SplashID Safe supports two methods of sharing login information. When sharing
with a user who has a SplashID cloud account, the login information is imported
directly into their account. Users without a SplashID cloud account will receive
an email containing a link to securely retrieve the information. Links to shared
information are secured with a password (which can be included in the email or
shared using another method), are valid for only 24 hours, and expire after the
first use.
Two-factor support in SplashID only provides an extra layer of security when
registering a new device (not on each login), requiring you to enter a six-digit
code sent via email. While a registered device paired with a password
technically meets the definition of two-factor authentication (something you
have and something you know), it's not quite up to par with services offering
support for Google Authenticator or other two-factor methods. SplashID Safe
offers a pattern unlock feature as an alternative to a master password, but I
found this feature to be somewhat inconsistent.
Other contenders
It's always nice when a security product is backed by a brand synonymous with
computer security, and Symantec's Norton Identity Safe certainly has that factor
in its favor. Identity Safe has another plus: It's completely free. You can
choose from a number of free password managers, but none are cloud services
operated by a software vendor with a level of trust built up over decades.
Norton Identity Safe used to be part of a Norton security suite, but it's now a
stand-alone service with a Web front end and clients for Windows, iOS, and
Android.
RoboForm is a popular password manager and form filler, but it falls short of
the leading contenders on a few counts. Though it offers synchronization across
multiple platforms, there is no Web app, two-factor authentication, or sharing
capability. Individual RoboForm desktop licenses can be purchased outright for
Mac or PC at a price of $29.95, and a Windows portable version for USB storage
is available for $39.95. RoboForm also offers subscription-based licensing for
$19.95 per year, which provides synchronization and access through mobile apps
on iOS, Android, Windows 8, and Windows Phone.
KeePass isn't the only open source password manager. There's also Password Safe,
currently available for Windows in both installable and portable versions, and
for Linux in a beta version. Password Safe is not nearly as feature-rich or
mature as KeePass, and I'd be hard-pressed to give you a reason to use it over
its big brother. That said, Password Safe is a viable alternative, and if all
you need is a local password manager, the decision may come down to which
program you find easier to use. The result may be Password Safe.
My1Login has both a free version, supported through advertisements and affiliate
links to partner sites, and a pro version, which eliminates the ads and
affiliate links for $2 per month. My1Login offers features commonly found in the
other contenders such as secure sharing and strong password generation. The
problem with My1Login is that the entire service is Web-based, with mobile
support coming through the mobile Web app only. While My1Login is enthusiastic
about the minimal setup requirements due to the lack of client applications, I
find this method to be more difficult to use in the long term.

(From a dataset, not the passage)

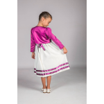 - Skirt: The shin-length skirt is adorned with three delicate pink stripes at the hem, adding a subtle but stylish detail. The flowy design gives it a youthful, playful look that’s perfect for any formal occasion.

Keeper Backup is full-featured password manager supporting multiple client
platforms, including Mac, Windows, iOS, Android, and Windows Phone. Security
features offered by Keeper Backup include two-factor authentication and secure
sharing. Keeper offers three pricing tiers, starting with a free edition that
supports one device, no sharing, and a limited amount of data. Keeper Backup
provides unlimited storage, access to the Keeper Web app, secure sharing, and
access to the support team for $9.99 per year. Backup Unlimited adds support for
synchronization across devices for a heftier $29.99 per year.
Trend Micro's DirectPass has a free option that supports only five passwords.
Trend Micro's subscription service, which costs $14.95 for one year or $24.95
for two years, supports an unlimited number of passwords and devices. Desktop
clients are available for both PC and Mac, and mobile clients are available for
iOS and Android. While there's nothing wrong with DirectPass, it doesn't match
other competitors in features or polish.